Они молча сидели, думая каждый о своем, и Гуторов понимал, что многое между ними еще не досказано, потому что, видимо, не пришло еще время. А Рокотов видел, что предрика изо всех сил хочет помочь ему разобраться во всех проблемах, но не может этого предложить открыто из-за боязни быть ложно понятым. А Владимиру Алексеевичу и впрямь очень хотелось задать ему вопрос, который мучал его уже длительное время: почему он, секретарь райкома, должен обязательно представать перед людьми в облике непогрешимого оракула; почему он не имеет права на сомнения и ошибки? Почему вчера Михайлов смотрел на него с жалостью, когда они расставались после собрания? Почему?
И эти «почему» были многочисленными, и ответить на них Рокотов не мог достаточно убедительно, и мысль, что он до сих пор не нашел рецепта всех своих ошибок, мучала и угнетала его. Несколько дней назад Михайлов принес ему текст своего выступления на совещании секретарей первичных партийных организаций. Принес для проверки, «для просмотра», как выразился он. Рокотов полистал бумаги, отложил их в сторону:
— Крамолу искать тут не буду. Вы все правильно скажете. Слушайте, а не лучше ли вам без текста, вот так прямо? А? И люди лучше воспринимают.
Михайлов недоверчиво поглядел на него: не шутит ли? Потом, решив видимо, что не шутит, пояснил с видом взрослого, объясняющего непреложную истину непонятливому ребенку:
Ну что вы, Владимир Алексеевич? Такая аудитория. А вдруг я где-либо фразу неправильно построю? Ведь это же выступление секретаря райкома партии.
А за текстом высказывания стоял невысказанный: а ежели ляпну что невпопад? Потом объясняй. А бумага — она в руках. Все выверено, до последнего слова. Все продумано, нет ли двусмысленностей?
Много вопросов мог бы задавать Гуторову секретарь райкома. Но не решился. Сидели друг против друга и пили чай.
6
Каждый день Рокотов справлялся о здоровье Дорошина. Ольга Васильевна сообщила, что «отец» читает Чехова и смеется. На душе стало поспокойнее, но зато помнилась мысль о том, что, раз Дорошин уже смеется, значит, скоро начнет ругаться. Позвонил доктору Косолапову, поинтересовался временем, которое нужно Дорошину для лечения. Доктор покашливал довольно ехидно, выслушивая вопросы и объяснения Рокотова, а котом сказал:
— Если вы хотите повторения приступа — пусть выходит на работу через две недели. Если же вы думаете о его здоровье — не настаивайте на выходе Павла Никифоровича минимум еще полтора месяца.

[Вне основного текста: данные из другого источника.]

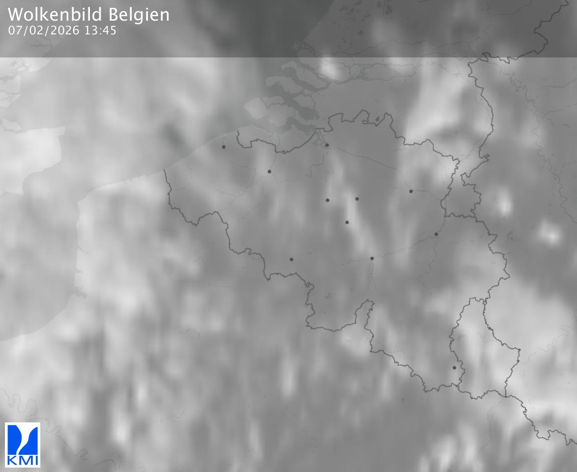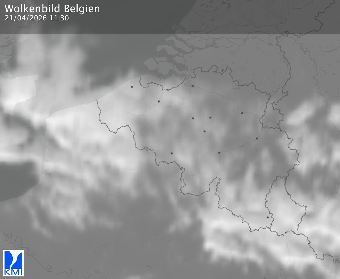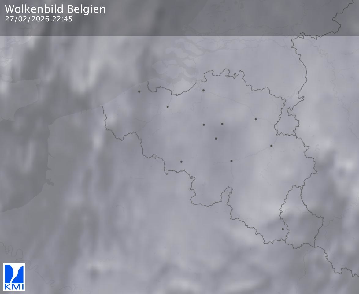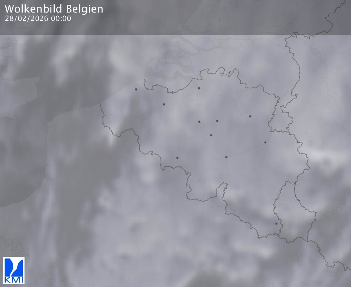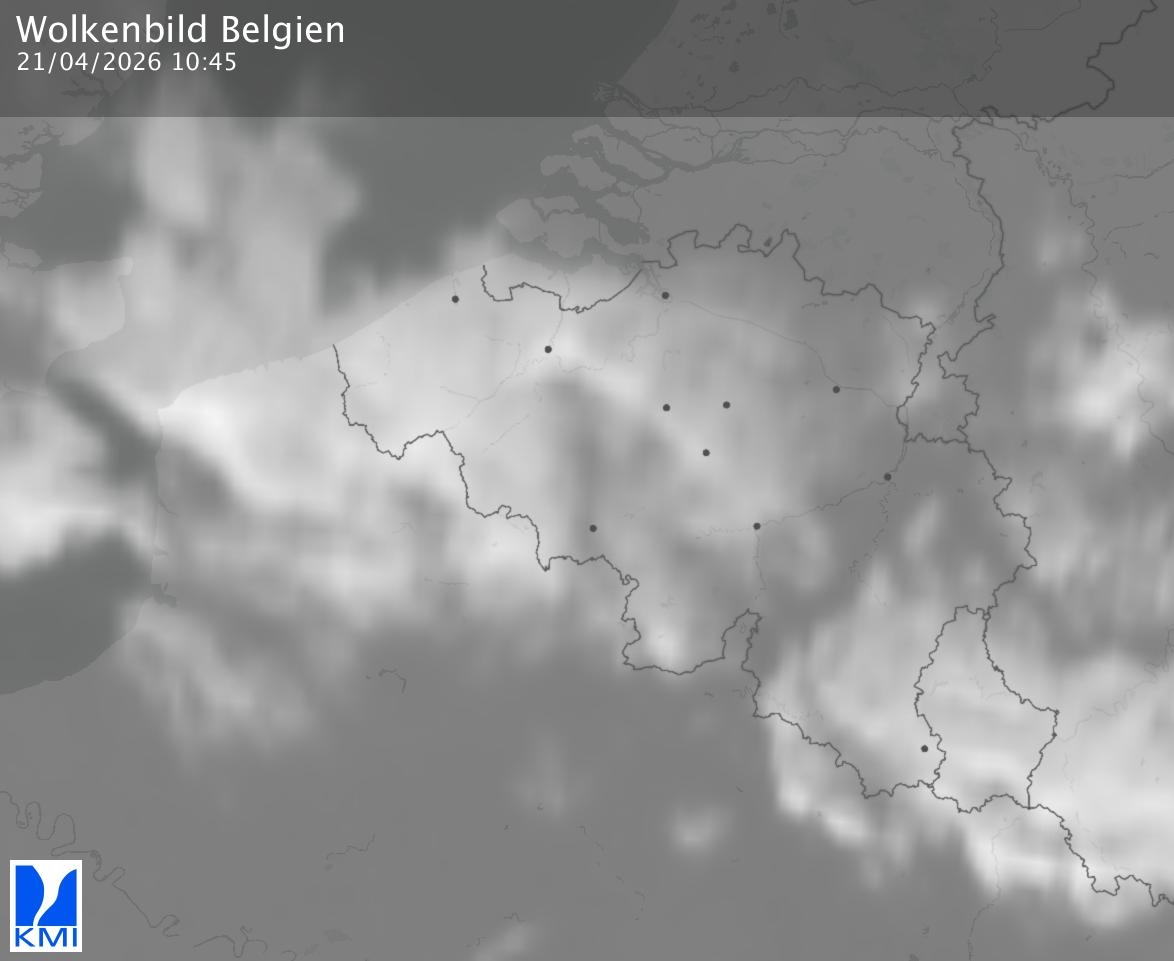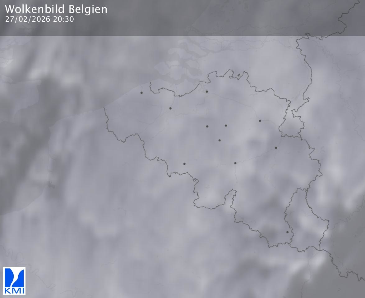 Das Wolkenbild Belgiens ist eine Kombination der sichtbaren und Infrarotkanäle des Satelliten.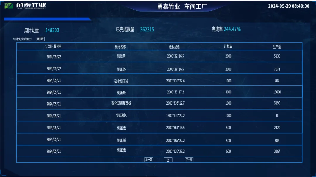 通過引入電子看板系統,甬泰竹業實現了生產管理的目視化。管理人員可以直觀地了解整個車間的生產情況,包括各個工序的進度、產品質量等。同時,員工也可以通過電子看板系統了解自己的工作進展和產線的整體情況,從而更加自覺地投入到工作中。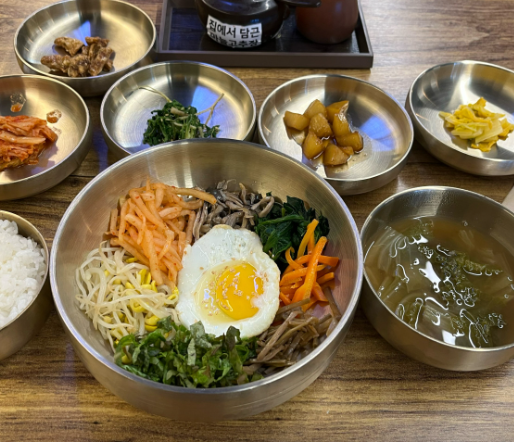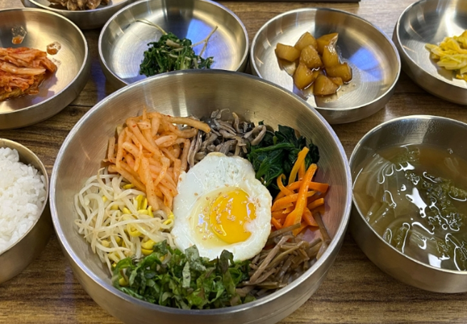 이곳의 비빔밥은 단순히 밥 위에 나물을 얹은 음식이 아닙니다. 흙과 땀, 그리고 시간과 정성이 어우러진 한 그릇의 자연입니다. 밭에서 갓 따온 쑥갓의 향, 데친 고사리의 고소함, 삶은 시금치의 부드러움이 한데 어우러져 조화로운 맛을 냅니다. 그 위에 얹힌 반숙 달걀 하나가 따뜻하게 밥과 어우러질 때면, 한 숟갈의 밥 속에 계절이 녹아듭니다. 손님들은 “먹는 내내 마음이 편해진다”고 말합니다. 인공조미료나 첨가물이 들어가지 않아 식사 후에도 속이 편안합니다.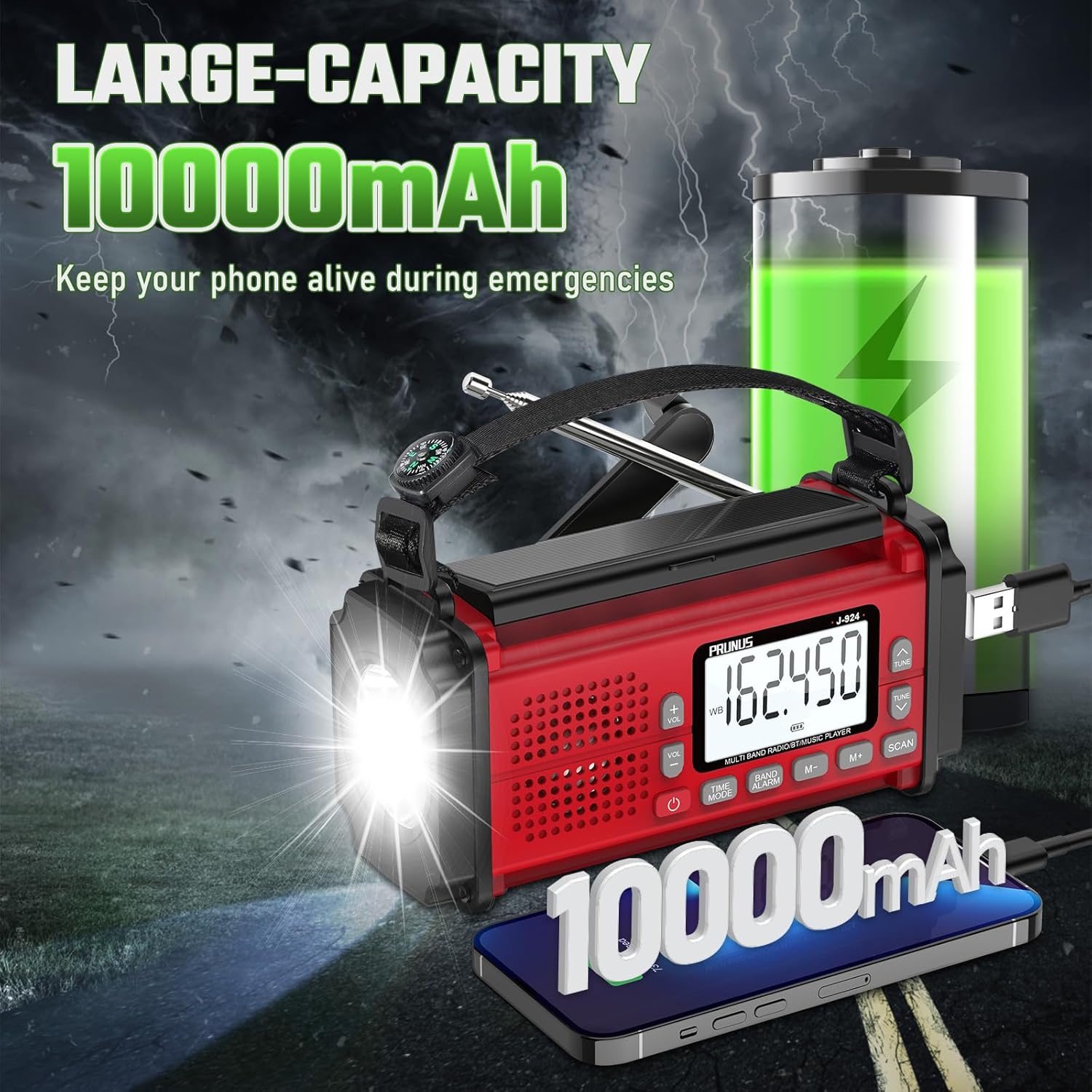 PRUNUS 924 10000mAh/37000mWh Hand Crank Radio, AAA Batteries Powered Emergency Radio Solar, NOAA Weather Radio AM/FM/SW, USB Charging, Torch& Reading Light, SOS Alarm, Power Bank, Compass for Camping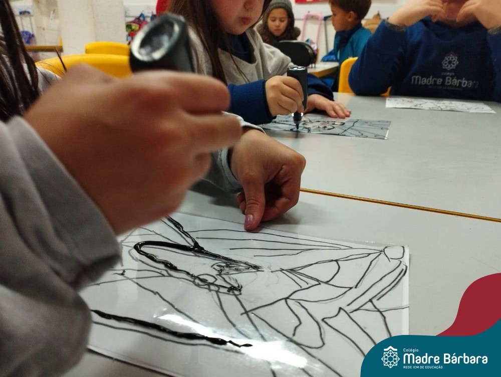 Inspiradas por tanta beleza, curiosidade e encanto, as crianças criaram seus próprios vitrais. Planejaram cada parte da construção, fizeram desenhos, contornaram em auto relevo e pintaram.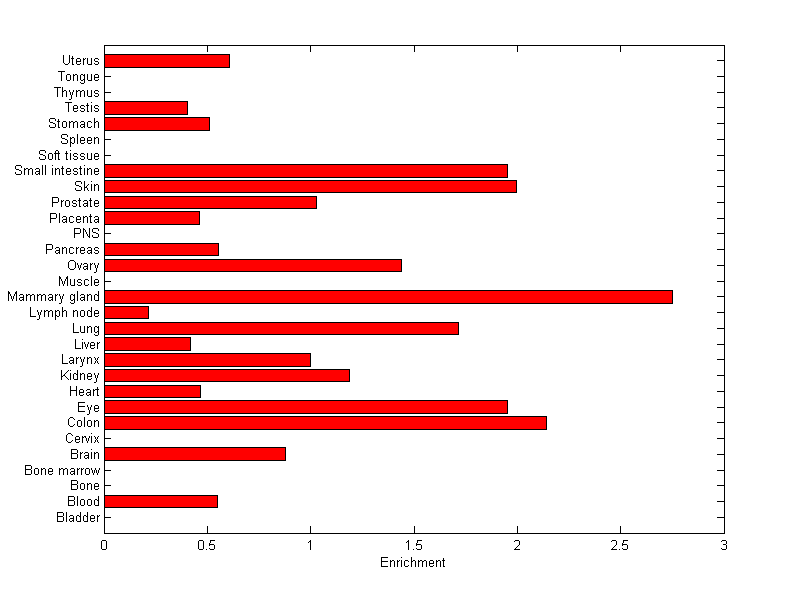 The expression level is normalized with tissue-library size. Each value for a gene in a tissue is a ratio of observed ESTs to the expected one in this tissue. The expected number of ESTs is the product of total ESTs of the gene and the fraction of total ESTs in the tissue among all ESTs in 30 tissues.

— Доктор, дорогой, я, наоборот, сторонник того, чтобы товарищ Дорошин лечился возможно лучше. Даже два месяца не возражаю. Три, если хотите.
— Странно, — пробормотал Косолапов. — Очень странно. Вчера звонил товарищ Михайлов и говорил, что Павла Никифоровича ждут неотложные дела, и просил как можно быстрее поставить его в строй. Я, простите меня, в полной растерянности.
— Лечите его добротно… Надо, чтобы он вышел совершенно здоровым. Считайте, что это убедительная просьба к вам районного комитета партии.
— А меня об этом просить не надо, — сварливо ответил доктор Косолапов. — Это мой долг, да-да, именно долг.
Сразу же после разговора с доктором Рокотов попросил зайти Михайлова. Дмитрий Васильевич появился с последними сводками, которые были более оптимистичны, чем вчерашние. Положение с молоком выправлялось, свеклы оставалось каких-либо полторы тысячи гектаров, сущая чепуха… Два-три дня работы. Можно было перестать терзать промышленность и бытовые службы вывозкой рабочих на поля. Еще одно хорошее усилие…
Михайлов был чисто выбрит, свеж. Волосы на пробор аккуратно расчесаны.
— Слушаю, Владимир Алексеевич, — приветливо сказал он.
— Мне непонятно ваше стремление, Дмитрий Васильевич, как можно скорее вытолкнуть из-под контроля врачей Павла Никифоровича. Что это за звонки Косолапову с просьбой скорее вернуть в строй Дорошина?
Михайлов чуть покраснел, однако отвечал спокойно:
— Звонил Комолов… Когда узнал, что Павел Никифорович болен, попросил переключить на меня. Сообщил, что Дорошина собираются рекомендовать в нашу делегацию на поездку в Канаду и Соединенные Штаты. Поездка осенью. Я сразу же поговорил с Косолаповым, потому что знаю; Павел Никифорович будет очень переживать, если поездка эта сорвется из-за болезни.
Все правильно. Поторопился с выводами, товарищ секретарь. Стал подозрительным за последние дни. Эх, отдохнуть бы тебе с месячишко в Лесном. Привел бы нервы в соответствие с должностью. Мечтать приходится об этом.
Поблагодарил Михайлова за сводку и отпустил его. Надо бы как-то донести до старика эту новость. Пусть порадуется. Такие вещи для него полезны. Это же признание его заслуг, его авторитета.
Снова звонок Ольге Васильевне. Передал ей сообщение Михайлова, поздравил. Ольга Васильевна сомневалась: стоит ли сообщать такую весть именно сейчас, и Рокотов посоветовал ей созвониться с доктором Косолаповым, что он скажет по этому поводу?
И еще одно было в эти дни. Вчера вечером он не выдержал и поехал в Матвеевку. Стал у пруда, в тени ив и тополей. Из кабины не вылезал, только дверцу открыл, чтобы лучше видно было. Около часа смотрел на освещенные окна ее дома, думал о том, что, может быть, попытаться поговорить еще раз? Нет, не поймет она его.
Тихо выехал на дорогу. Свернул прямо на проселок, чтобы не маячить по селу. Зачем лишние разговоры? Проселок был выбит до невозможности, и даже на второй скорости двигаться было утомительно. С трудом дождался, когда выбрался на трассу.
А Насонов хворает. Носится по полям, ругается со свекловичницами по поводу норм, а в приемной секретарша отвечает:
— Иван Иваныч по больничному…
— Что с ним? — поинтересовался Рокотов.
— Радикулит прихватил.
— Так он же по полям ездит?
— А это его личное дело… Но у нас по больничному проходит вот уже три дня.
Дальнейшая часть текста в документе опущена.